# Silvia frame / drip tray modification ?



## Olliehulla (Feb 26, 2013)

Afternoon all,

Anybody seen or heard of anyone modifying the frame on their Silvia to accommodate a bigger drip tray ? Not that I want to cut up my (relatively) new Silvia but the drip tray size is a constant annoyance.

Thoughts ?


----------



## The Systemic Kid (Nov 23, 2012)

Olliehulla said:


> Afternoon all, Anybody seen or heard of anyone modifying the frame on their Silvia to accommodate a bigger drip tray ? Not that I want to cut up my (relatively) new Silvia but the drip tray size is a constant annoyance. Thoughts ?

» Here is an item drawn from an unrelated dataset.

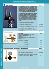 SCHWEISSTECHNIK LAMBACH GmbH ELGA Optimator ® Flaschendruckminderer Der entscheidende Vorteil des Optimators ist, dass er bereits von der ersten Sekunde an einen idealen Gasfluss gewährleistet. Mit…
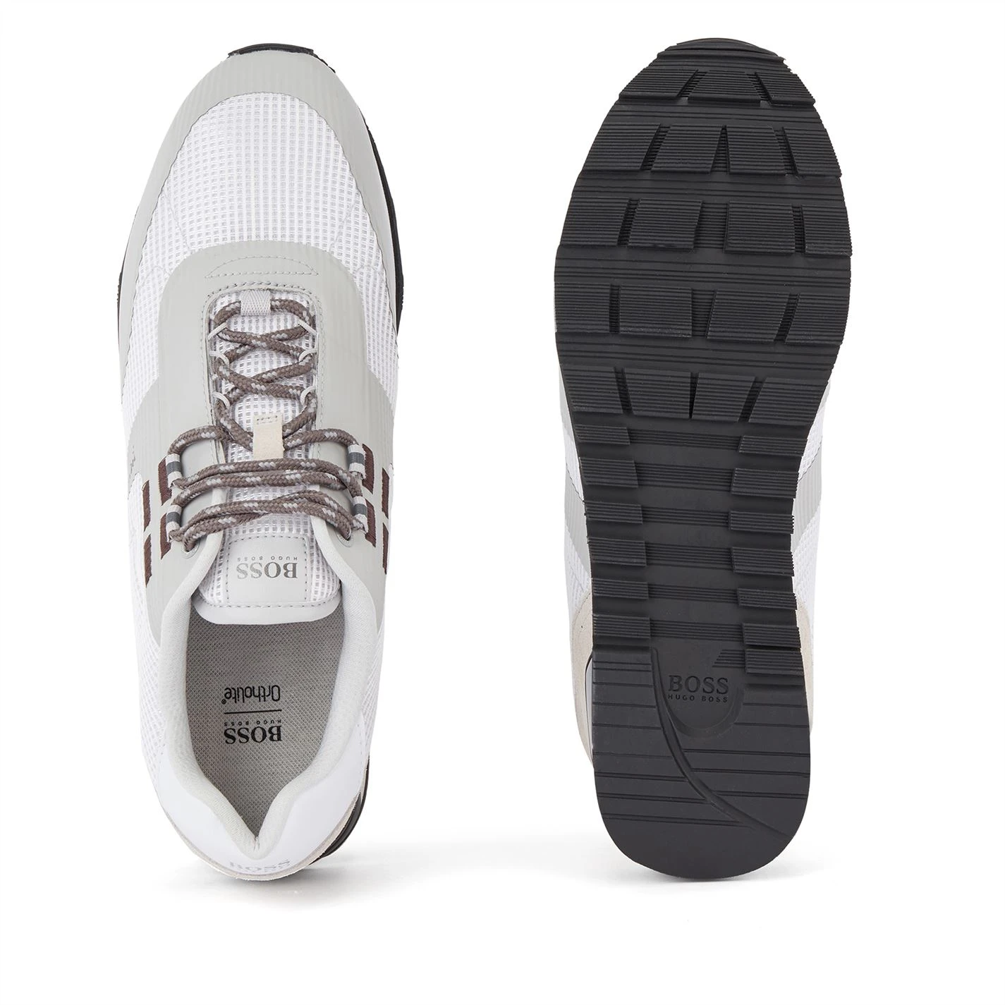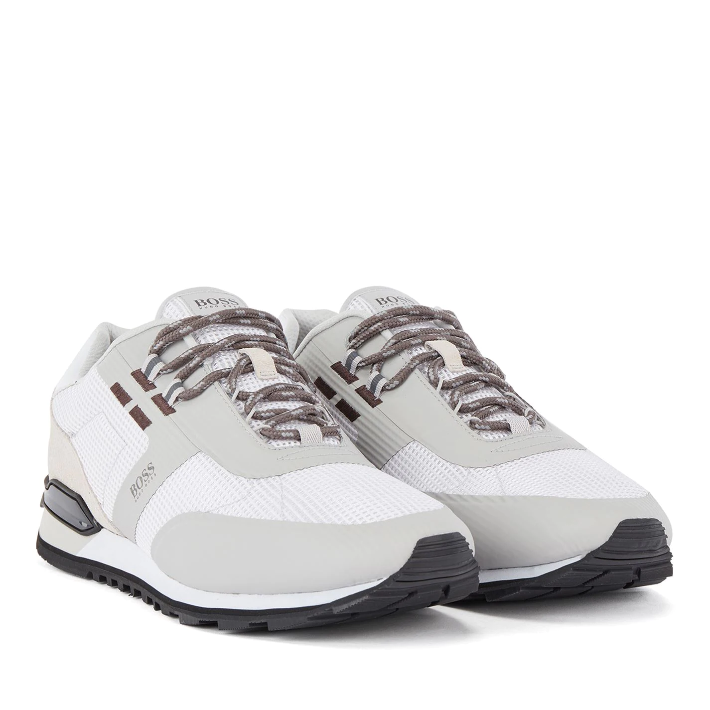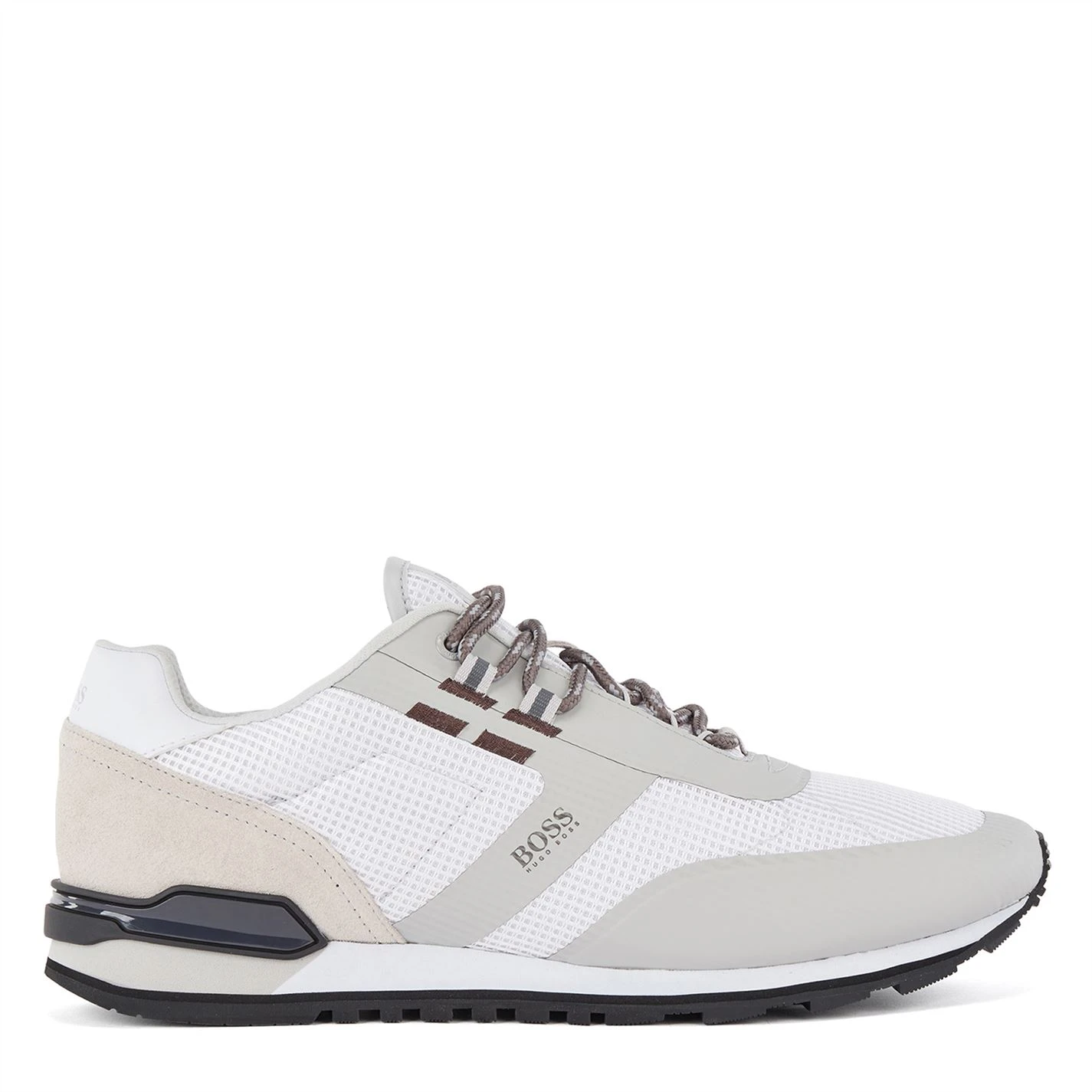 The Boss Parkour Nylon Trainers are a great addition to your casual wardrobe, featuring a shaped ankle collar with a lace fastening for a secured fit, a cushioned insole and a moulded outsole provide all day comfort. A panel design across the upper along with tonal top stitching give a great casual look, completed with the Boss branding.

Don't do it! You've awakened an elephant in the corner on this one. Who thinks about drip tray capacity when buying a machine yet, once bought, a small and/or inadequate drip tray is really frustrating. Guess manufacturers don't want to make their machines look out of proportion. Your gripe isn't limited to smaller end machines like the Silvia - some quite expensive ones suffer the same problem. If you mod your V3, you will seriously reduce its second hand value if and when you decide to upgrade. Stick with it until you want to upgrade and then check any future purchase carefully before buying - better still go somewhere like Bella Barista where you can see the machine in action. That way you'll know if any prospective purchase has any limitations drip tray-wise.


----------



## Olliehulla (Feb 26, 2013)

Hhmm, wise words, hadn't thought it through and considered upgrade and 2nd hand value.

I tend to catch the majority of waste water in a tupperware but it just detracts from the whole user experience


----------